### Required work
Given the records below, the lines starting at the line with "Стул Дэвид привлекает" and ending at the line with "Get complete, verbatim" should be output exactly, both end lines kept and pictures left out.

### Data to use
════════
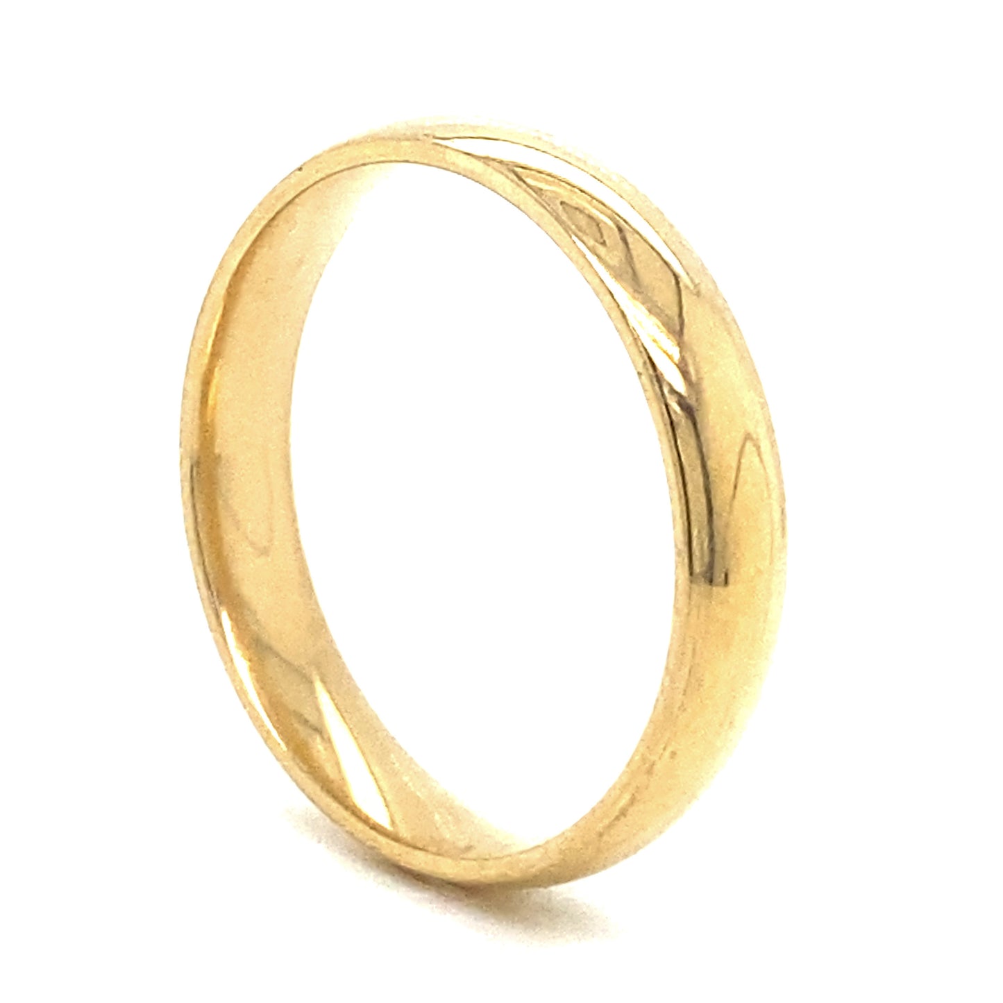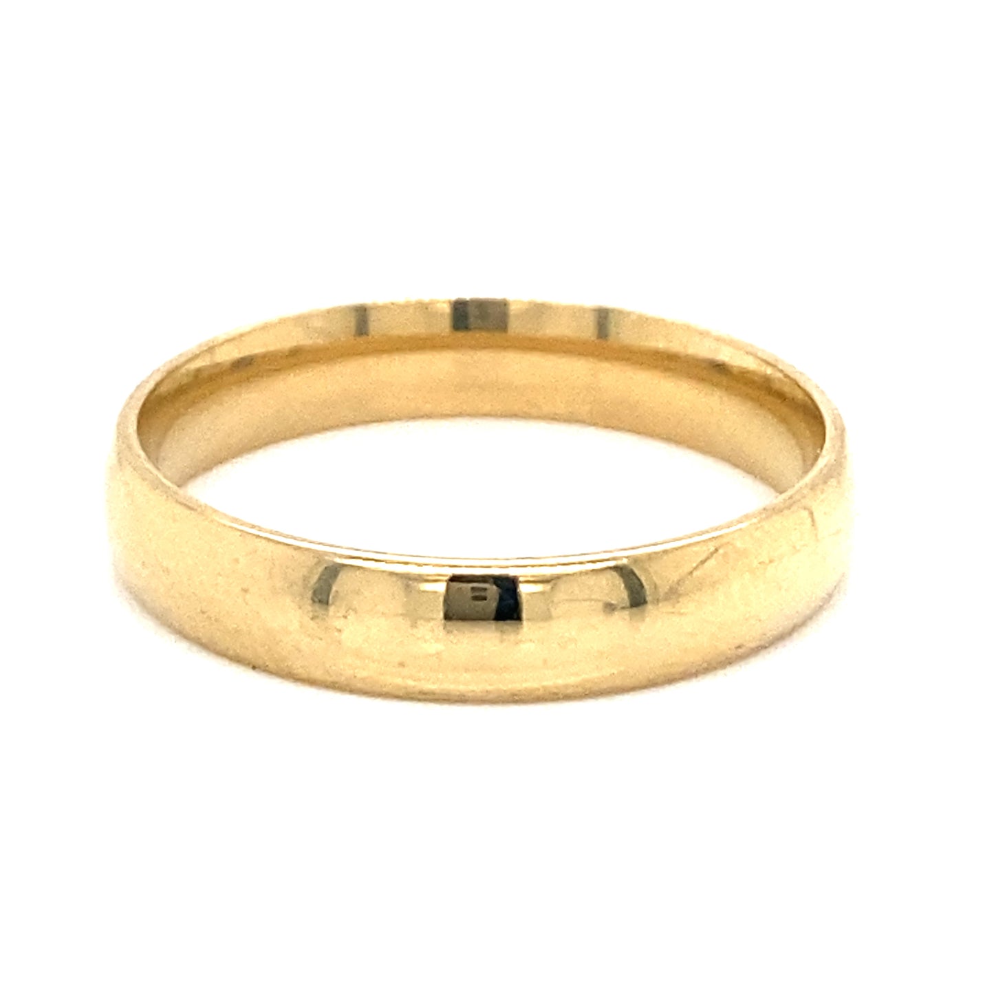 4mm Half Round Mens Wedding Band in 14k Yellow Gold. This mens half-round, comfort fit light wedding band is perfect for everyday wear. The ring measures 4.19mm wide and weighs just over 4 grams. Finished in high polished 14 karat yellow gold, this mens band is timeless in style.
════════
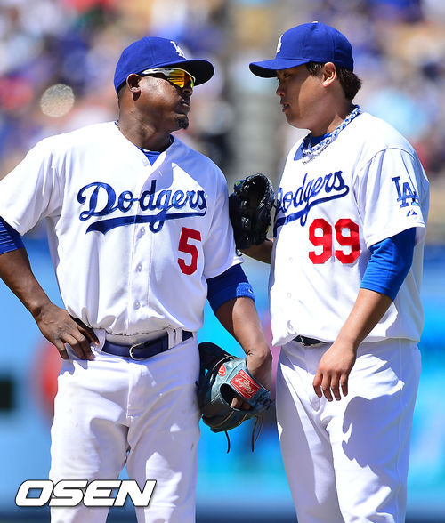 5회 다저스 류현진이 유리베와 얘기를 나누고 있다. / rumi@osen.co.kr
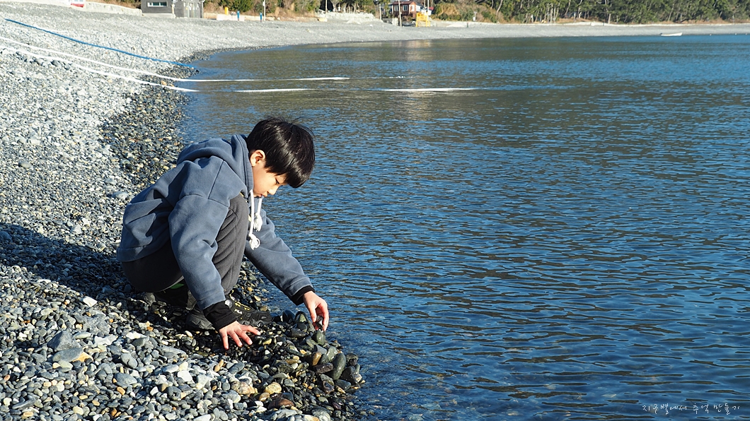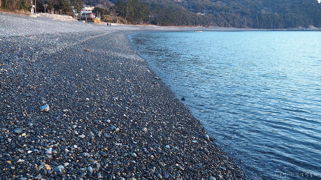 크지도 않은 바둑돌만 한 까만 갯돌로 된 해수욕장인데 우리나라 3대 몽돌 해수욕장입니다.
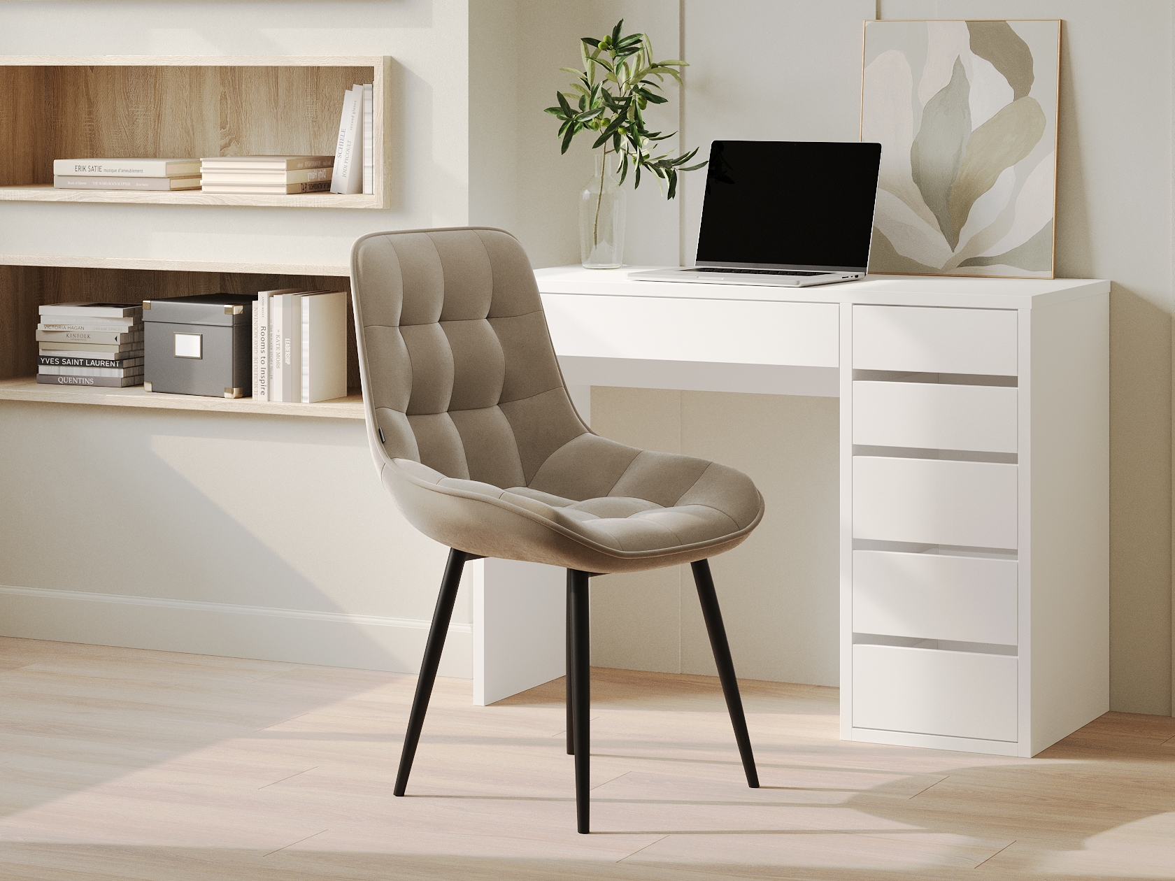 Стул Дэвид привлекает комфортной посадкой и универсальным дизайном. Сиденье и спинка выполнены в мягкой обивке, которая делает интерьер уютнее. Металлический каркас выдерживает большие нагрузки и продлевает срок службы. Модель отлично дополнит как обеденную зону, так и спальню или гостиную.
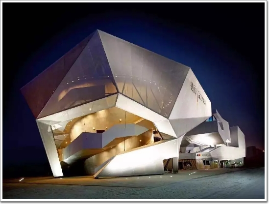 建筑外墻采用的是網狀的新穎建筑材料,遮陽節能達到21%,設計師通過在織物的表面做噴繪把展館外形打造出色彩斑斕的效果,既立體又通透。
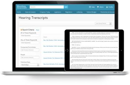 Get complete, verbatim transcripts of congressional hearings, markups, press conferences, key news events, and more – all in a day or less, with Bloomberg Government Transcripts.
════════
### Answer
 Стул Дэвид привлекает комфортной посадкой и универсальным дизайном. Сиденье и спинка выполнены в мягкой обивке, которая делает интерьер уютнее. Металлический каркас выдерживает большие нагрузки и продлевает срок службы. Модель отлично дополнит как обеденную зону, так и спальню или гостиную.
 建筑外墻采用的是網狀的新穎建筑材料,遮陽節能達到21%,設計師通過在織物的表面做噴繪把展館外形打造出色彩斑斕的效果,既立體又通透。
 Get complete, verbatim transcripts of congressional hearings, markups, press conferences, key news events, and more – all in a day or less, with Bloomberg Government Transcripts.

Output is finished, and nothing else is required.